Thursday, 31 May 2018

The End of Owner Occupation

It was a different era.

We think today that we are in austerity measures but imagine how we would have coped in the immediate Post War period when rationing of staples and essentials persisted  and was only ended in the early part of 1950.

The TV documentary, broadcast  in more recent years, where a family volunteered to be subject to a wartime lifestyle in all its authenticity showed that the generation of the time was made of more sturdy stuff  or was it just down to low expectations and modest, within means living? 

It was then a minority who were fortunate enough or wealthy enough to own their own home outright with the main population residing in private rented or the growing council house sectors. My parents' first matrimonial home was occupied as local authority tenants.This was all that was available to them and within a sustainable and affordable budget. 

It was a long term project and investment to save up a deposit for the outright purchase of a house, and very much determined by whether the local Bank Manager or Building Society Chief Executive either liked the look of you or was acquainted with your family, on or off the Golf course.

This contrasts sharply and soberly with the ability in the 2000's, in particular, to secure a mortgage to the extent of 120% of the purchase price with very little verification of ability to meet such a long term commitment. There were Media stories of fantastical income multipliers being used to magically summon up the full monies for a purchase and for loosely associated groups ,associates or casual acquaintances to pool their notional gross incomes if such an amalgamated co-operative was the only way to get a foot on the rapidly extending, beyond reach, property ladder.

An old school friend taking his first permanent job after University got together and formed a financial alliance with two fellow graduates. This allowed them to acquire a rather abused and sorry former council house in a reasonable district of Ashford, Kent. I remember him describing how the back door had  the largest dog-flap ever that made a mockery of any other domestic security arrangements- unless of course the largest ever dog flap was a tight fit for the largest ever Doberman or Rottweiler.

My friend and his fellow owner occupier mortgagees were thrilled with their move on the market. The female and other male in his household got on with being grown ups with weekends spent travelling around and returning from the DIY Megastores and garden centres. The house slowly turned from derelict hovel to a comfortable home. One third ownership of any equity after the debt was a scary but altogether good feeling.

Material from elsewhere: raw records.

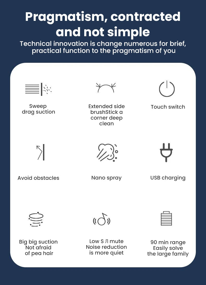 • 5-in-1 Multifunction – Vacuuming, sweeping, mopping, humidifying, and more.
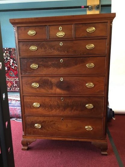Antique Federal chest of drawers – Mahogany wood and stunning! This gorgeous circa 1800 Period chest has incredible patina and beautiful detail. The mahogany grain patterns on each drawer simply sing! Three smaller drawers sit above five graduated drawers. Lovely scroll bracket feet and beautiful fluted corners complete the elegant design.
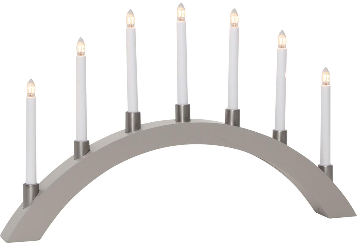 Lichterbogen TALL - 7 warmweiße Glühlampen - L: 67cm, H: 40cm - Holz - Schalter - Grau
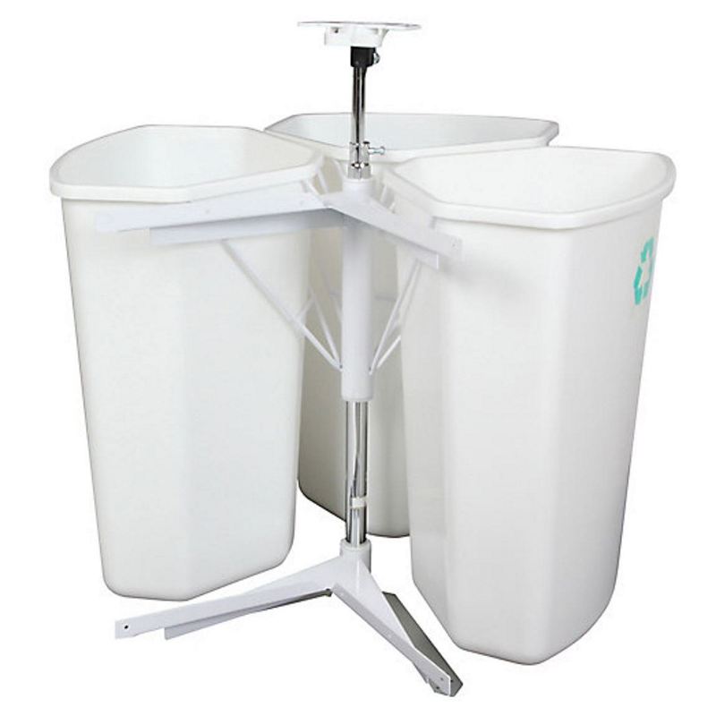 Knape & Vogt FYRRC28K-W Specialty Corner Recycling Center, Three Plastic Bin, 3 x 32 QT - White Color

The almost 1970's TV sit com reality of the co-habitation went extremely well. That was until my friend and the lady of the house became a romantic item. Technical common law status came into play and the now 60% majority holding of any equity after the debt began to open up fissures in the relationship with the now sole male. There may have been an underlying and festering situation anyway given the mantra that three is always a crowd. The triumvirate fractured and it was agreed, without recourse to lawyers that the couple would buy out the share of the lone party. A Valuer was called in to advise and within a few weeks the deed was done and the transfer deed was signed and sealed.

Within a few short years even the new romantics foundered but by then the property market had accelerated so much that the initial investment was now very, very enhanced. With a reluctant but inevitable outcome both left with, for a broken heart and a boxful of sentimental mix-tapes , a nice pocketful of cash. This was the foundation for my friend to be able to afford that once thought out of reach house, a thatched former roadside coaching house in the evocatively named Nomansland in deepest rural Devon. Ah, such were the realities of ascending the property ladder.

The current situation could be no more different.The credit crisis of 2008 persists and mortgages are very hard to come by if you need to borrow more than 75% of the purchase price and impossible if there is any blemish on your credit score which is becoming as crucial to life as your blood group. It is now a fact that one in six of the UK households are in rented housing and owner occupation may become a trend of the past and not at all aspirational in any way.